##### Records for the exercise #####

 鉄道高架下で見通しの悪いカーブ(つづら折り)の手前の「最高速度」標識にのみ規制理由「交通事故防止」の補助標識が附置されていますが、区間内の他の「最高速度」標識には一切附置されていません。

#####
##### Records for the exercise #####

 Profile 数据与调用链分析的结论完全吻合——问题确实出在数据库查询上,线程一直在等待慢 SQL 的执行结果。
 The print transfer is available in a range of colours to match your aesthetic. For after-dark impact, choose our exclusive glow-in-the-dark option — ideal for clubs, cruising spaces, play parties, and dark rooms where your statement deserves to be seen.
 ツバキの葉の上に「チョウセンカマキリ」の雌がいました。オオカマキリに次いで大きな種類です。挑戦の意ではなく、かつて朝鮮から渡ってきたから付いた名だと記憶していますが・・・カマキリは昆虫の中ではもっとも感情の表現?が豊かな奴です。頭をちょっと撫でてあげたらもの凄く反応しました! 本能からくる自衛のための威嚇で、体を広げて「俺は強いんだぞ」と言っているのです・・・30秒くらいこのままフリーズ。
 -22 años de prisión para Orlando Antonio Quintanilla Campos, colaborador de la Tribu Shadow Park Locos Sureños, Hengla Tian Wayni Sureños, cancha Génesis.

#####

- _Brief_:
Give back precisely the lines above that start at the line containing "ツバキの葉の上に「チョウセン" and end at the line containing "-22 años de", inclusive. No other lines belong in the output.

- _Response to the exercise_:
 ツバキの葉の上に「チョウセンカマキリ」の雌がいました。オオカマキリに次いで大きな種類です。挑戦の意ではなく、かつて朝鮮から渡ってきたから付いた名だと記憶していますが・・・カマキリは昆虫の中ではもっとも感情の表現?が豊かな奴です。頭をちょっと撫でてあげたらもの凄く反応しました! 本能からくる自衛のための威嚇で、体を広げて「俺は強いんだぞ」と言っているのです・・・30秒くらいこのままフリーズ。
 -22 años de prisión para Orlando Antonio Quintanilla Campos, colaborador de la Tribu Shadow Park Locos Sureños, Hengla Tian Wayni Sureños, cancha Génesis.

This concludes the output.